TDCS as Augmentation Therapy to Cognitive Training in Mild Dementia

Not Applicable

Not yet recruiting

• Conditions: Major Neurocognitive Disorder
• Interventions: Device: transcranial direct current stimulation

• Registration Number: NCT06559254
• Lead Sponsor: Hospital Authority, Hong Kong

Brief Summary

Due to increase in life expectancy, major neurocognitive disorder (MND) becoming increasingly important as reflected in the increasing number in dementia population, as well as in burden to health care system and to caregiver.

Among current treatment, cognitive training has shown to have significant outcome in cognitive impaired patient. But the effect is reported to be small and might not be long-lasting. In consideration of the neuronal excitability effect in tDCS, it may consolidate the effect of cognitive training if used simultaneously. The study will investigate on efficacy of tDCS as combined intervention to cognitive training.

The study aims to investigate the efficacy of 2-week (5 sessions per week) tDCS to augment cognitive training in subjects with MND with clinically mild severity. Patients with diagnosis of MND or dementia from HKWC will be recruited with inclusion and exclusion criteria listed. The eligible participants will be randomized to receive either active intervention (active tDCS) or sham (sham tDCS) as control with cognitive training simultaneously.

Each session lasts for 20 minutes. The subjects will be allocated to either interventional or control group using block randomization. Block of 4 will be used to allocate subjects at 1:1 ratio between two groups. Both the participants and investigators responsible for assessment and data analysis will be blinded to the group allocation. Primary and secondary outcome will be assessed at baseline, week 2 (after course of intervention) and 4 weeks after the course of intervention. Baseline assessment assesses on demographic data (e.g. age, gender, years of education), clinical data with full psychiatric assessment and access to previous medical record, neuropsychiatric data (HK-MoCA and CNPI). Primary outcomes includes N-back (cognitive training) performance, forward and backward digit span. Secondary outcomes includes measurement on dementia rating and trail making test. In data analysis, any group differences in demographics and clinical profiles between the intervention and sham group at baseline will be assess. ANOVA will be performed to examine the effect of time and intervention on primary outcome and other cognitive assessment across time points. Potential confounders will be adjusted.

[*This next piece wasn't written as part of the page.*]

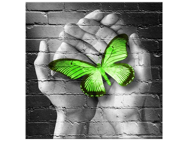 2362A_1G Abstraktný obraz Zelený motýľ v dlaniach |

Baseline assessments and outcome measures is either psychiatric assessment, clinician rating scales or cognitive assessment performed with investigator.

Detailed Description

Due to increase in life expectancy, major neurocognitive disorder (MND) becoming increasingly important as reflected in the increasing number in dementia population, as well as in burden to health care system and to caregiver.

Among current treatment, cognitive training has shown to have significant outcome in cognitive impaired patient. But the effect is reported to be small and might not be long-lasting. In consideration of the neuronal excitability effect in tDCS, it may consolidate the effect of cognitive training if used simultaneously. The study will investigate on efficacy of tDCS as combined intervention to cognitive training.

The study aims to investigate the efficacy of 2-week (5 sessions per week) tDCS to augment cognitive training in subjects with major neurocognitive disorder with clinically mild severity. Patients with diagnosis of MND or dementia from HKWC will be recruited with inclusion and exclusion criteria listed. The eligible participants will be randomized to receive either active intervention (active tDCS) or sham (sham tDCS) as control with cognitive training simultaneously.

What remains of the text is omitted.